• **WHAT YOU SHOULD DO**: Reproduce, word for word, the lines in the material below starting with the one that has "無人販売所に置かれた冷凍庫の" and going on through the one that has "축제를 방문하기 전에". Leave out all pictures.

• **DATASET ENTRIES**:
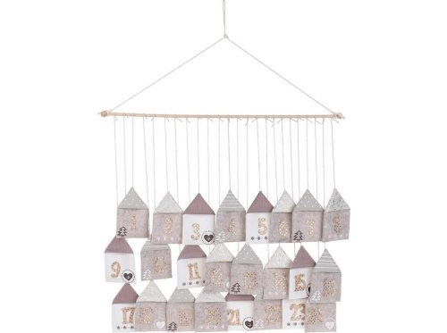 romery: 70 x 60 cm materiál: plsť, povrázky, drevená hrazda farba: krémová, ružová, šedá so zlatými glitrovými dekoráciami motív domčeky s číslami 1 - 24
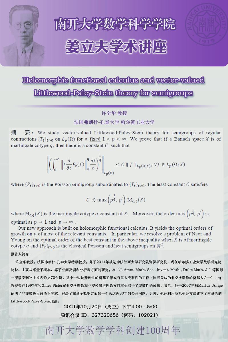 【姜立夫学术讲座】Holomorphic functional calculus and vector-valued Littlewood-Paley-Stein theory for semigroups
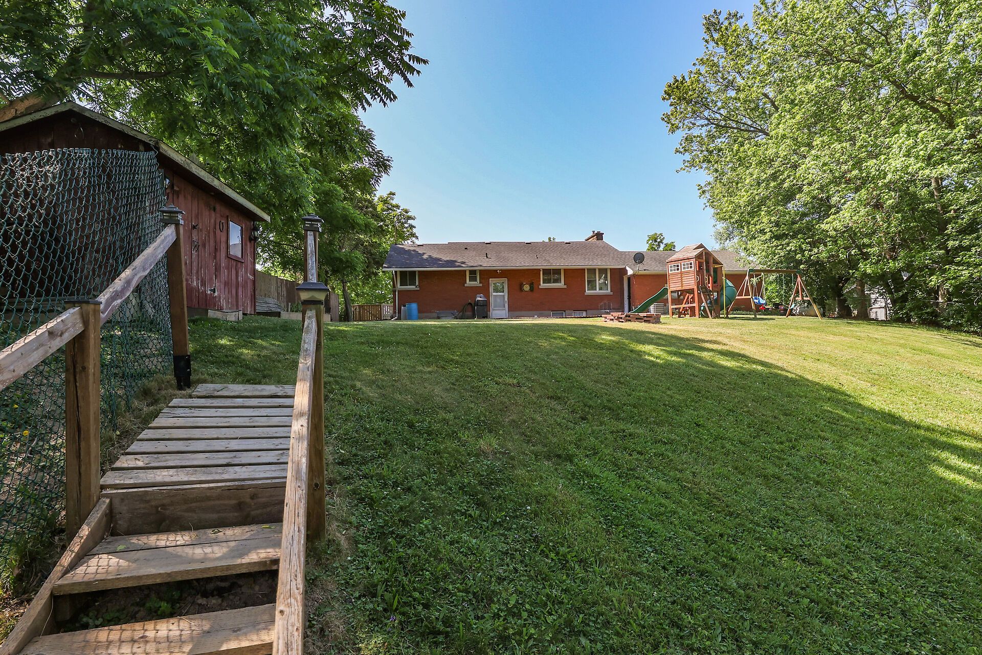 Welcome to 73222 regional road 27, where country living meets riverside relaxation. This inviting 3+1 bedroom bungalow is set on a picturesque 0. 55-acre riverfront lot, offering direct access to the welland river-perfect for fishing, kayaking, boating, or simply soaking in the peaceful waterside views. Inside, you'll find a bright, open-concept living and dining area centered around a cozy fireplace, creating a warm and welcoming atmosphere. The updated kitchen features ample cabinetry, soft-close drawers, and plenty of prep space-ideal for cooking while taking in the scenic river backdrop. Three spacious bedrooms and an updated 4-piece bathroom complete the main level. The finished lower level extends your living space with a large rec room, an additional bedroom or home office, and abundant storage options. Step outdoors to multiple decks where you can unwind, entertain, or watch the kids play in the fully fenced yard. The property also offers room for chickens, a double garage, and a wide gravel driveway with generous parking for guests or recreational vehicles. Whether you're a first-time buyer, downsizer, or a nature enthusiast looking for a peaceful retreat, this well-maintained, move-in-ready home delivers the perfect balance of privacy, outdoor adventure, and convenience-just minutes from local amenities. Experience the charm of riverside living at its finest!
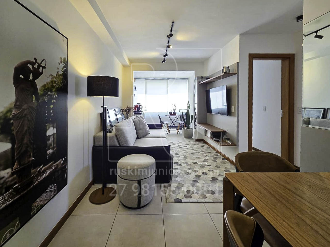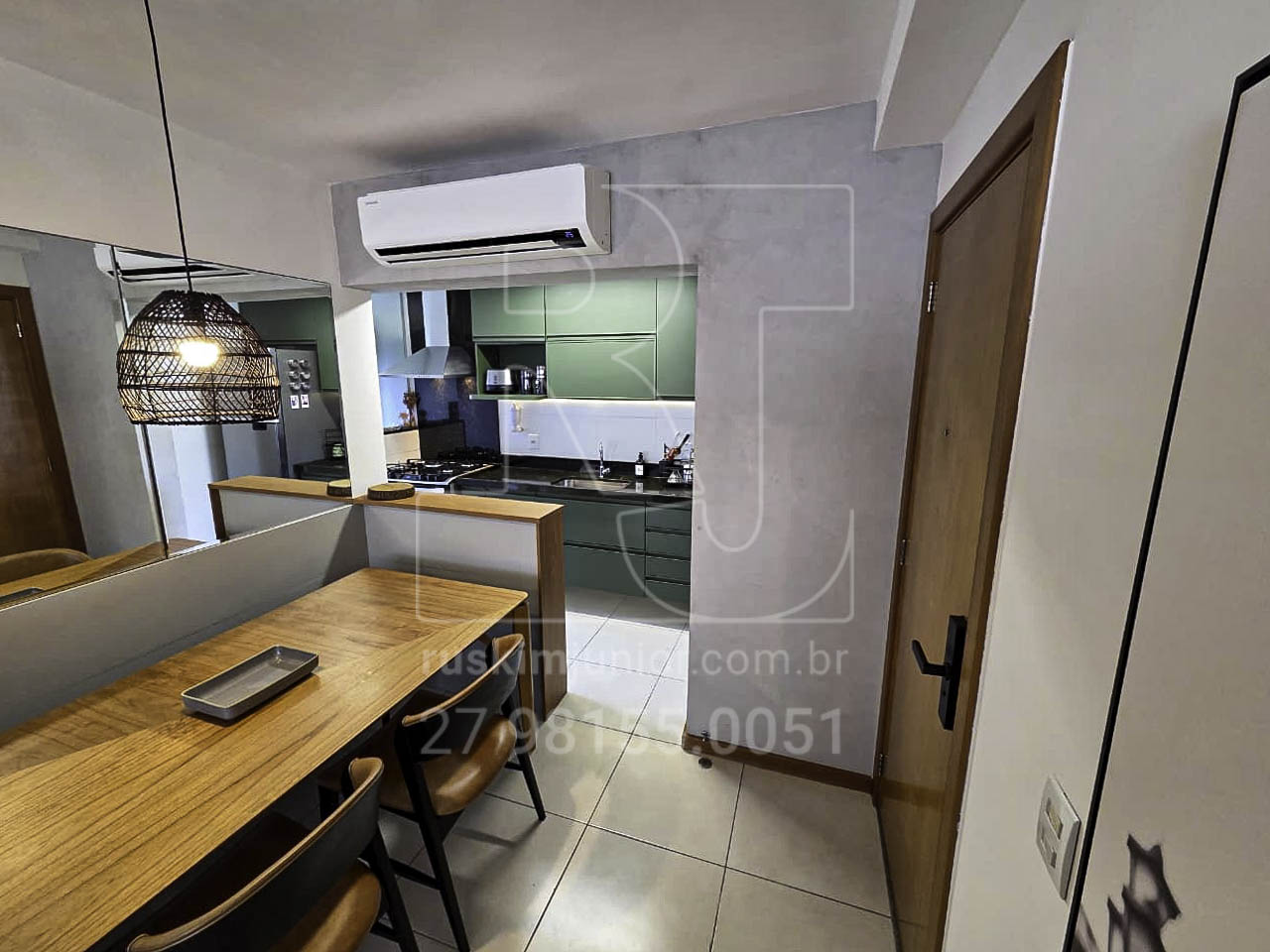 2 quartos sendo 1 suíte, sala integrada à varanda com fechamento de vidro, banheiro social, cozinha conjugada com área de serviço, chuveiros com aquecimento a gás e 1 vaga de garagem coberta. Portaria 24 horas e lazer com piscina, salão de festas e churrasqueira. Apartamento mobiliado de 68 m².
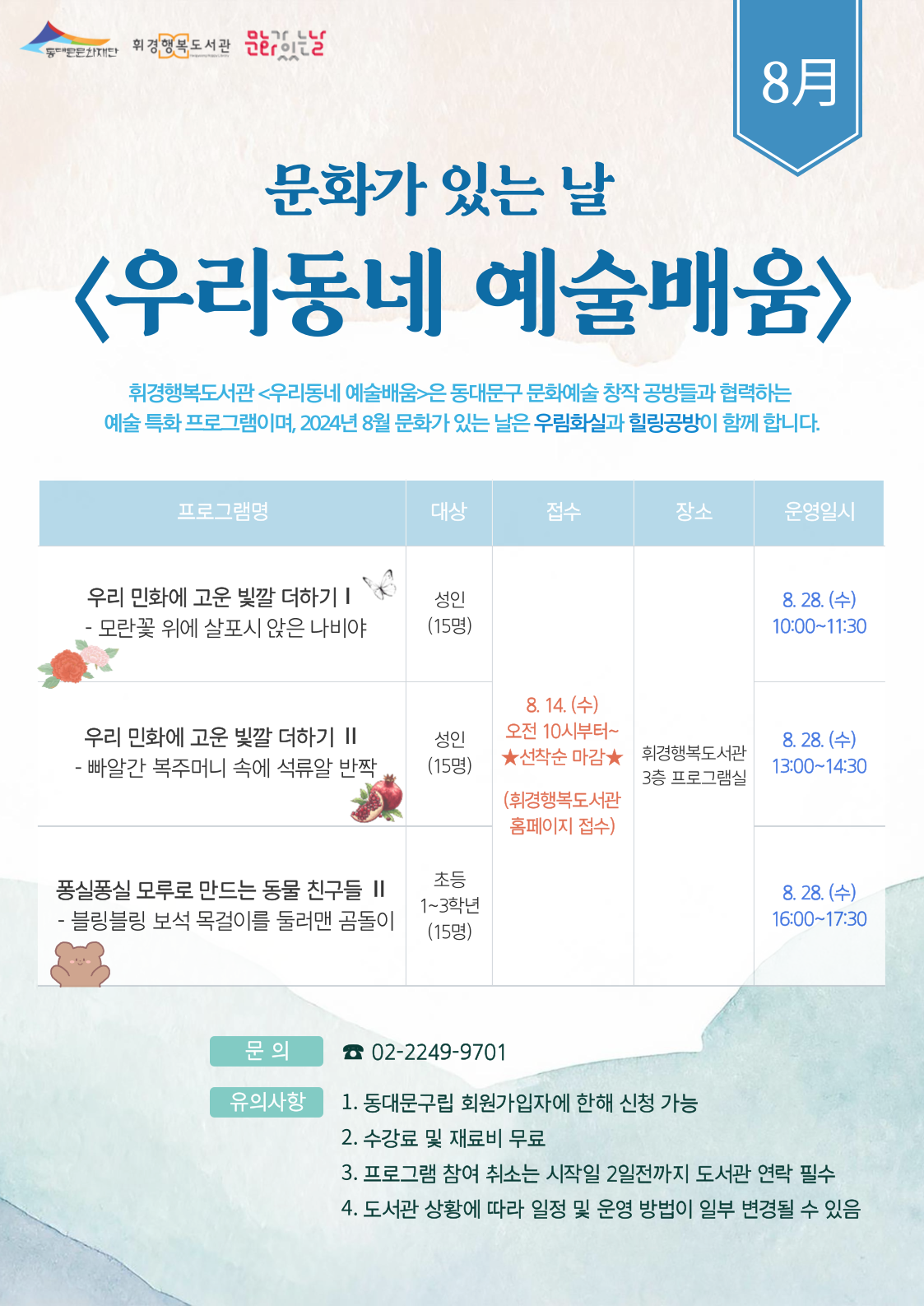 (성인) 8월 문화가 있는 날 <우리동네 예술배움> - 우리 민화에 고운 빛깔 더하기Ⅱ(빠알간 복주머니 속에 석류알 반짝)
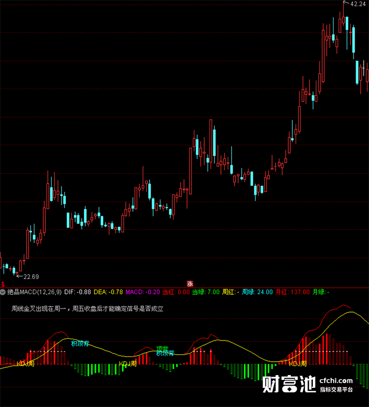财富池指标公式网(www.cfchi.com)提醒您:指标公式是通过数学逻辑角度编写而来,仅是股票分析环节中的一个辅助工具,对股票选股效率和分析便捷上起到一定的作用,股市是具有不确定性和不可预测性的,请正常对待和使用指标公式!
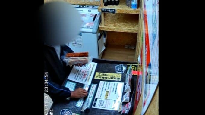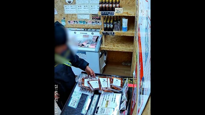 無人販売所に置かれた冷凍庫の扉をあけ、中から取り出したのは「肉」。その後も一心不乱に次々と取り出し、手には6パックの肉が。
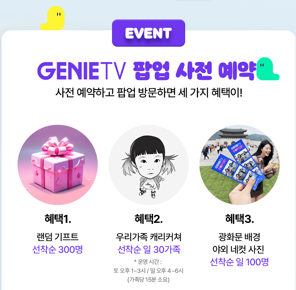 축제를 방문하기 전에 사전 예약자을 하신 방문자한하여 팝업 방문 시 3가지 혜택이 있습니다. 예약자에 한해 선착순으로 진행하기에 서둘러 예약하시기 바랍니다.
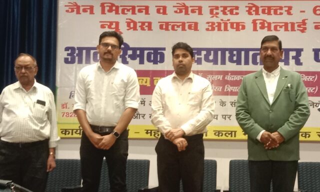 भिलाई नगर। सिविक सेंटर स्थित महात्मा गांधी कलामंदिर में रविवार को डीएम कॉर्डियोलॉजिस्ट द्वय डॉ सुलभ चंद्राकर तथा डॉ गौरव त्रिपाठी की अगुवाई में आकस्मिक हृदयाघात पर परिचर्चा आयोजित की गई। भारत विकास परिषद, जैन मिलन व जैन ट्रस्ट, सेक्टर 06 तथा न्यू प्रेस क्लब ऑफ भिलाई नगर के संयुक्त तत्वावधान में आयोजित इस परिचर्चा में आकस्मिक हृदयाघात के मामलों खास कर युवाओं में इस तरह के बढ़ते मामलों के संभावित कारणों, सावधानियों तथा बचाव के उपायों को दोनों हृदयरोग विशेषज्ञों ने प्रभावी तरीके से रखा। साथ ही हृदयघात की आपातकालीन स्थिति में मरीजों और आकस्मिक हृदयाघात के कारण मृत्यु से कैसे बचाया जाए, इस पर गहन चर्चा करने के साथ-साथ विषय से संबंधित सवालों के जवाब भी दिए गए।
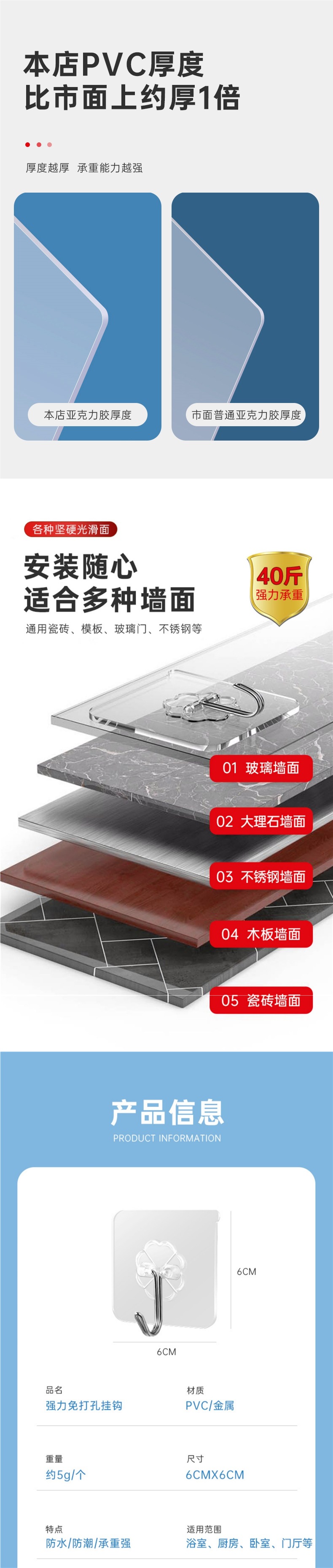 • 특대형 모델-투명 대형 후크 [5개 팩]
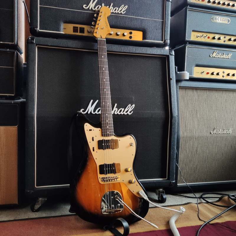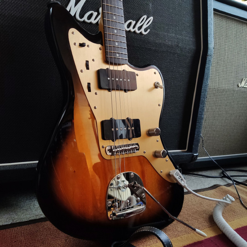 Le piège étant que souvent, je finis par me contenter de la version Squier, une fois que j'ai bien travaillé dessus! Ca a été le cas pour la Jaguar (j'adore vraiment ma petite Squier qui me comble, même si une Johnny Marr ... ) ou la basse VI, ainsi que pour ma strat "Hendrix" (gauchère renversée).
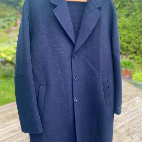 Frakk fra Acne Studios - Garret i navy, størrelse 46. Klassisk design med tre knapper i front.
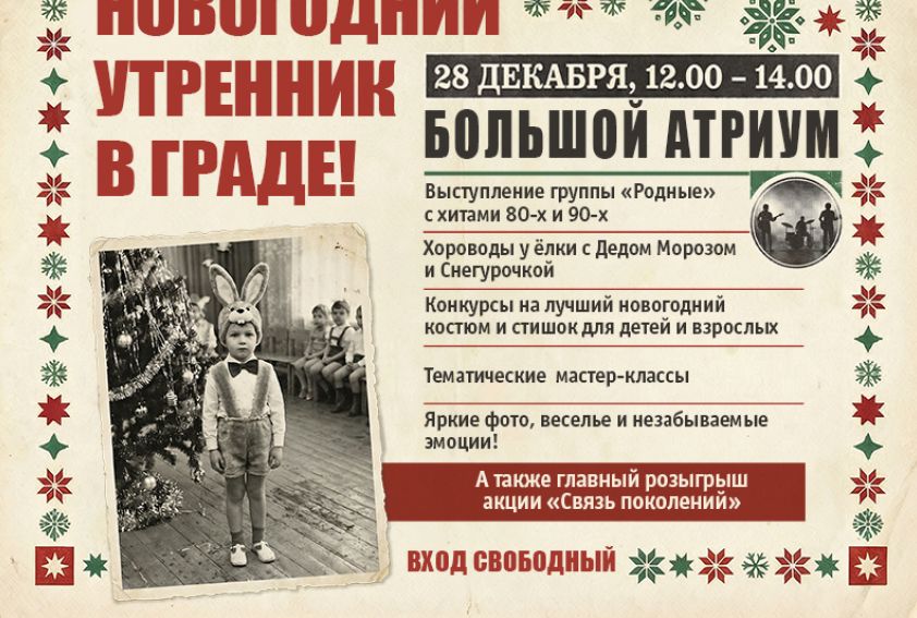 Бесплатный новогодний утренник в стиле СССР пройдет в Сити-парке «Град» в Воронеже 28 декабря. Вас ждут хороводы, конкурсы, мастер-классы и живая музыка.
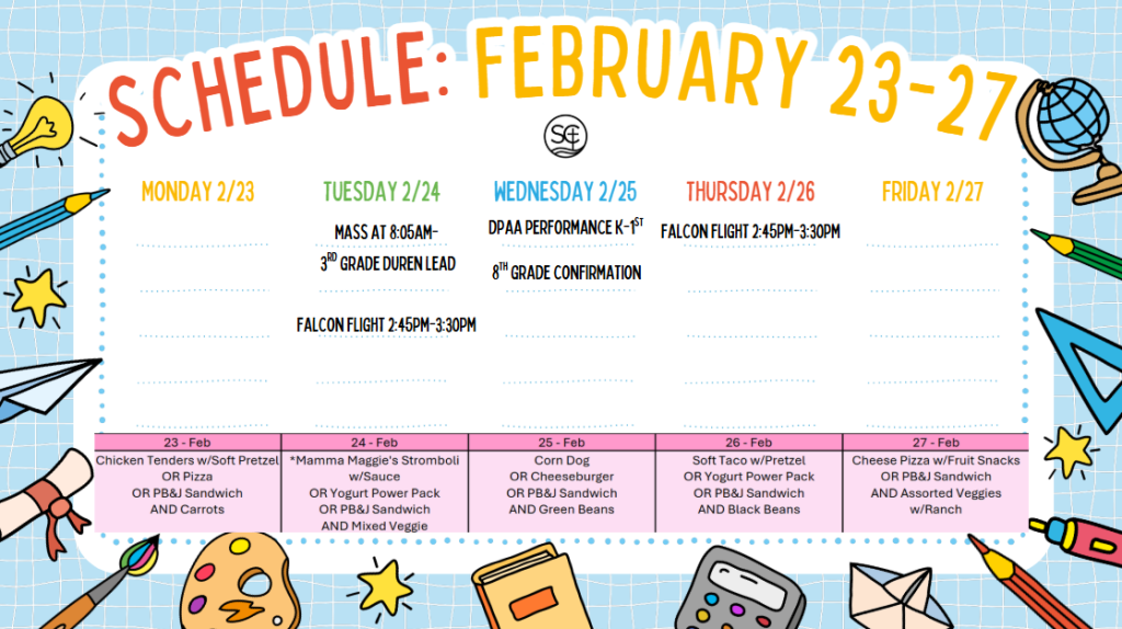 1. A note from Cafeteria Manager, Ms. Shelby: Friday Lent Menu- cheese pizza, boxed lunch, and PB&J (with fruit and veggie).
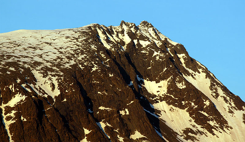 At the bottom of the south ridge is Lovskard saddle which can be descended on the east side via a 40 degree snow/ice filled gully down to Midtmaradalsbreen glacier. The crevassed glacier is then crossed in a north direction to reach the 'Bandet' and then down to Turtagrø. Allow 11-13 round trip from Turtagrø. For those wanting a very demanding, but superb high level traverse, right across Hurrungane, it is possible to continue from Lovskard saddle up Store Midtmaradalstind and then down to Stølsmaradalen cabin.
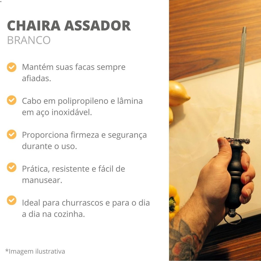 Chaira Assador – Cabo Branco em Polipropileno Mantenha suas facas sempre afiadas e prontas para o preparo de carnes e pratos deliciosos com a Chaira Mor. Ideal para churrascos e para o dia a dia na cozinha, este afiador combina praticidade, segurança e durabilidade. Destaques do Produto: Mantém suas facas afiadas por muito mais tempo. Cabo em polipropileno resistente e higiênico. Lâmina em aço inoxidável, proporcionando firmeza e segurança no uso. Fácil de manusear, prática e durável. Perfeita para churrascos e uso diário na cozinha. Especificações Técnicas: Material: Polipropileno (cabo) e aço inoxidável (lâmina) Cor: Branco Altura: 2,5 cm Comprimento: 29 cm Largura: 6,5 cm Peso: 143 g Observação: Os objetos que ambientam as imagens não acompanham o produto.
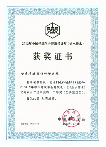 2012年中國建筑學(xué)會設(shè)計獎甘肅會展中心(給排水)
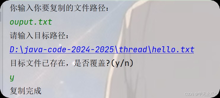 System.out.print("目标文件已存在,是否覆盖?(y/n)");

• **EXPECTED ANSWER**:
 無人販売所に置かれた冷凍庫の扉をあけ、中から取り出したのは「肉」。その後も一心不乱に次々と取り出し、手には6パックの肉が。
 축제를 방문하기 전에 사전 예약자을 하신 방문자한하여 팝업 방문 시 3가지 혜택이 있습니다. 예약자에 한해 선착순으로 진행하기에 서둘러 예약하시기 바랍니다.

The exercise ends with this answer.